## TASK DESCRIPTION
The listing below is to be written out word for word, minus its images.

## RECORDS FOR THIS TASK
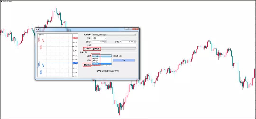 Buy limit限价买入:在现价之下的某一点位设置买单,比如原油价格现价是51美元,你认为等价格跌到50美元时就可进场做多,那你可以选择限价50美元买入; Sell limit限价卖出:在现价之上的某一点位设置卖单,如油价现价是49美元,你认为当价格上涨到50美元时可以做空,此时可选择限价卖出; Buy stop止损买入:在现价之上的某一点位设置买单,当油价现价为49美元,你认为如果上涨到50美元之后就可做多,你可以在50美元止损买入; sell stop止损卖出:在现价之下的某一点位设置卖单,当油价现价为50美元,你认为下跌到49美元之后可以做空,那就在49美元止损卖出。 什么时候适合挂单交易? 1,当你看好在某一价格进行做多/空,但你可能因为其他事情无法分身盯盘,为了不错过交易机会,你可以选择挂单交易; 2,如果你看好某一刻的一波行情,但是担心行情到来时市场交投密集会导致系统无法按你的价格及时成交,甚至是你担心在快速波动的行情中反应不过来,这个时候你可以提前进行挂单布局; 3,有些交易者在行情到来之前会对行情做出进场预判,但当价格到达预判点位时却总是因为种种原因害怕进场,经常一等再等因此错过交易时机。这时你可以提前进行挂单设置,让系统来帮你控制情绪。 挂单交易技巧 至于在什么情况下可以进行挂单,比如破位交易,顺势交易,强支撑阻力区间交易,这属于技术分析,并不是挂单交易手法中应该讨论的范畴,我们主要跟大家分享几个挂单中应该掌握的技巧。
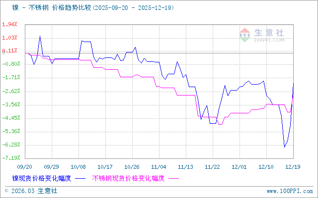 據(jù)生意社價(jià)差分析工具顯示,鎳和不銹鋼價(jià)格走勢(shì)相似,近期整體走勢(shì)上漲。
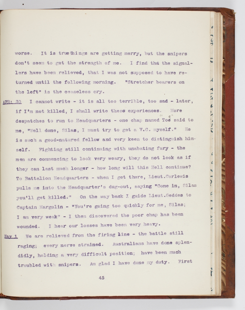 On the way back I guide Lieut.Geddes to Captain Margolin – "You're going too quickly for me, Silas; I am very weak" – I then discovered the poor chap has been wounded. I hear our losses have been very heavy.
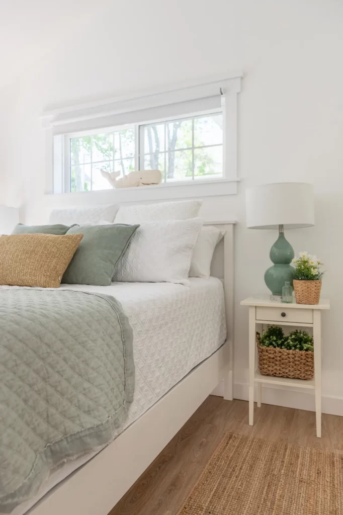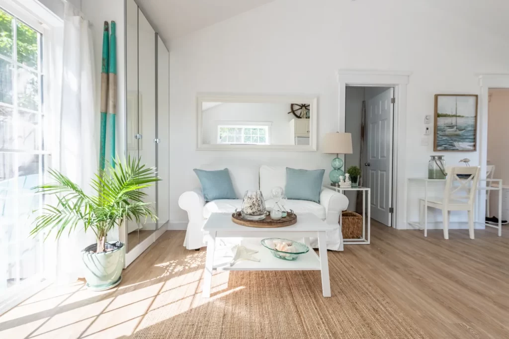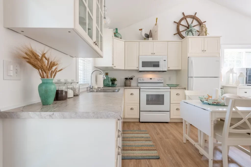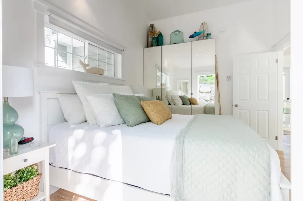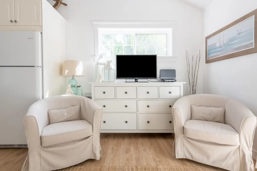 The Getaway by the Bay vacation spot is perfect for couples seeking to create new memories. The morning brings natural light through the windows, luxurious linens, and a queen-size bed. Outside, a sitting area offers the perfect place to enjoy your morning coffee and conversation.
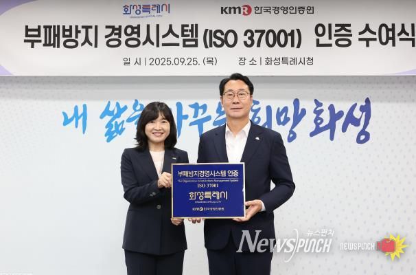 뉴스펀치 탁상훈 기자 | 화성특례시가 국제표준화기구(ISO)에서 제정한 부패방지경영시스템 (ISO37001) 인증을 획득했다.
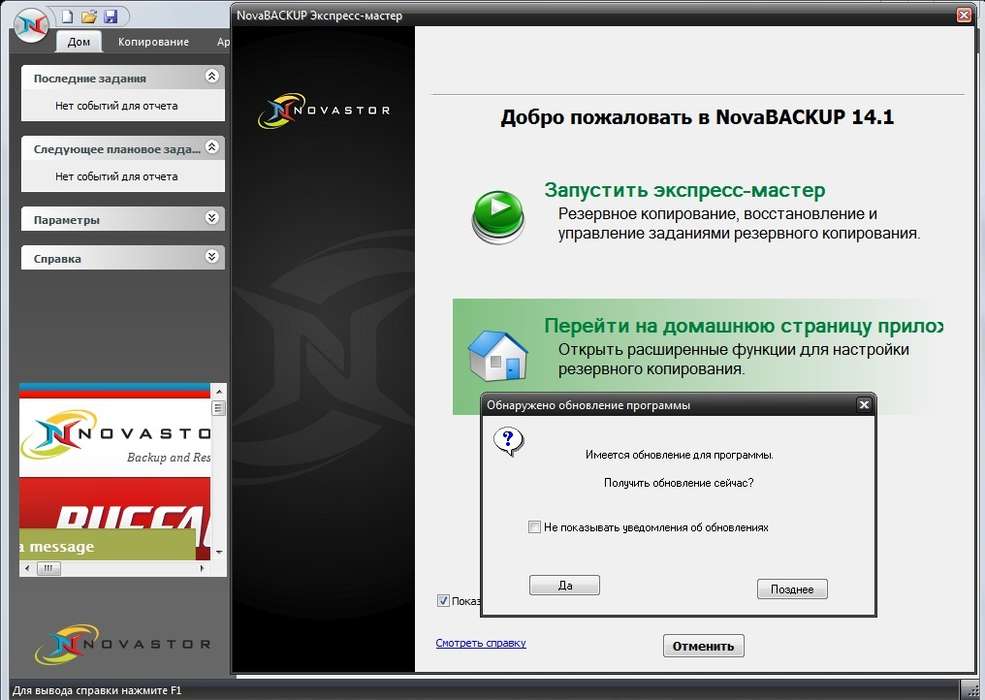 Конечно, для воспроизведения аудио-файлов качества SACD более подходят стерео-системы, но многие меломаны используют в своих аудио-комплексах медиаплееры, а уж эти девайсы имеют сетевую функцию в подавляющем большинстве. 4. Софт для резервного копирования NovaStor NovaBACKUP в комплекте. В 1997 году я «разорился» на внутренний жесткий диск емкостью 1Гб, - тогда это было немало. Сейчас, - «плюс-минус» 100 Гб решительного значения при покупке диска не играют.
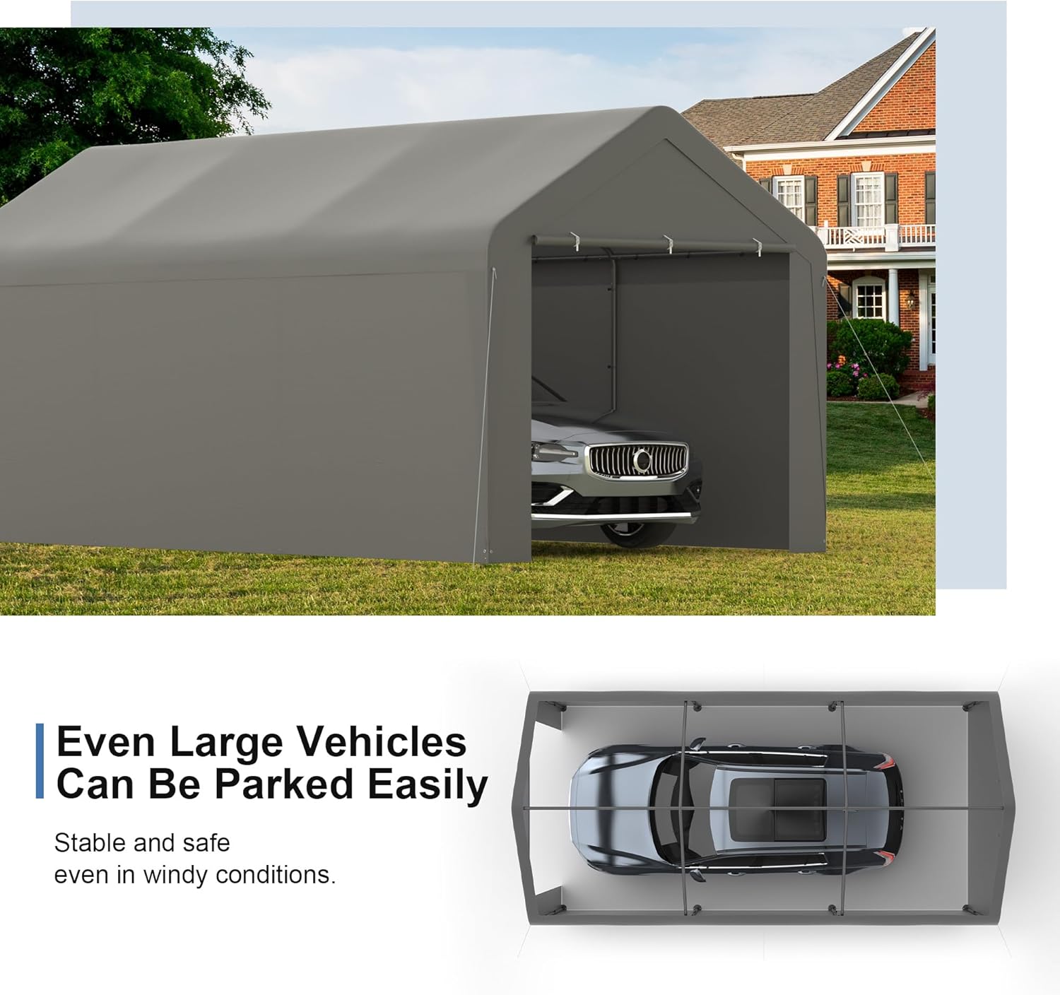 - 【Large Capacity Carport】The 10 x 20 FT canopy tent provides ample space for parking your car, truck, or boat. The triangular metal structure enhances the stability of the portable garage and comes with nylon ropes and ground nails to withstand strong winds.

## RESPONSE
 Buy limit限价买入:在现价之下的某一点位设置买单,比如原油价格现价是51美元,你认为等价格跌到50美元时就可进场做多,那你可以选择限价50美元买入; Sell limit限价卖出:在现价之上的某一点位设置卖单,如油价现价是49美元,你认为当价格上涨到50美元时可以做空,此时可选择限价卖出; Buy stop止损买入:在现价之上的某一点位设置买单,当油价现价为49美元,你认为如果上涨到50美元之后就可做多,你可以在50美元止损买入; sell stop止损卖出:在现价之下的某一点位设置卖单,当油价现价为50美元,你认为下跌到49美元之后可以做空,那就在49美元止损卖出。 什么时候适合挂单交易? 1,当你看好在某一价格进行做多/空,但你可能因为其他事情无法分身盯盘,为了不错过交易机会,你可以选择挂单交易; 2,如果你看好某一刻的一波行情,但是担心行情到来时市场交投密集会导致系统无法按你的价格及时成交,甚至是你担心在快速波动的行情中反应不过来,这个时候你可以提前进行挂单布局; 3,有些交易者在行情到来之前会对行情做出进场预判,但当价格到达预判点位时却总是因为种种原因害怕进场,经常一等再等因此错过交易时机。这时你可以提前进行挂单设置,让系统来帮你控制情绪。 挂单交易技巧 至于在什么情况下可以进行挂单,比如破位交易,顺势交易,强支撑阻力区间交易,这属于技术分析,并不是挂单交易手法中应该讨论的范畴,我们主要跟大家分享几个挂单中应该掌握的技巧。
 據(jù)生意社價(jià)差分析工具顯示,鎳和不銹鋼價(jià)格走勢(shì)相似,近期整體走勢(shì)上漲。
 On the way back I guide Lieut.Geddes to Captain Margolin – "You're going too quickly for me, Silas; I am very weak" – I then discovered the poor chap has been wounded. I hear our losses have been very heavy.
 The Getaway by the Bay vacation spot is perfect for couples seeking to create new memories. The morning brings natural light through the windows, luxurious linens, and a queen-size bed. Outside, a sitting area offers the perfect place to enjoy your morning coffee and conversation.
 뉴스펀치 탁상훈 기자 | 화성특례시가 국제표준화기구(ISO)에서 제정한 부패방지경영시스템 (ISO37001) 인증을 획득했다.
 Конечно, для воспроизведения аудио-файлов качества SACD более подходят стерео-системы, но многие меломаны используют в своих аудио-комплексах медиаплееры, а уж эти девайсы имеют сетевую функцию в подавляющем большинстве. 4. Софт для резервного копирования NovaStor NovaBACKUP в комплекте. В 1997 году я «разорился» на внутренний жесткий диск емкостью 1Гб, - тогда это было немало. Сейчас, - «плюс-минус» 100 Гб решительного значения при покупке диска не играют.
 - 【Large Capacity Carport】The 10 x 20 FT canopy tent provides ample space for parking your car, truck, or boat. The triangular metal structure enhances the stability of the portable garage and comes with nylon ropes and ground nails to withstand strong winds.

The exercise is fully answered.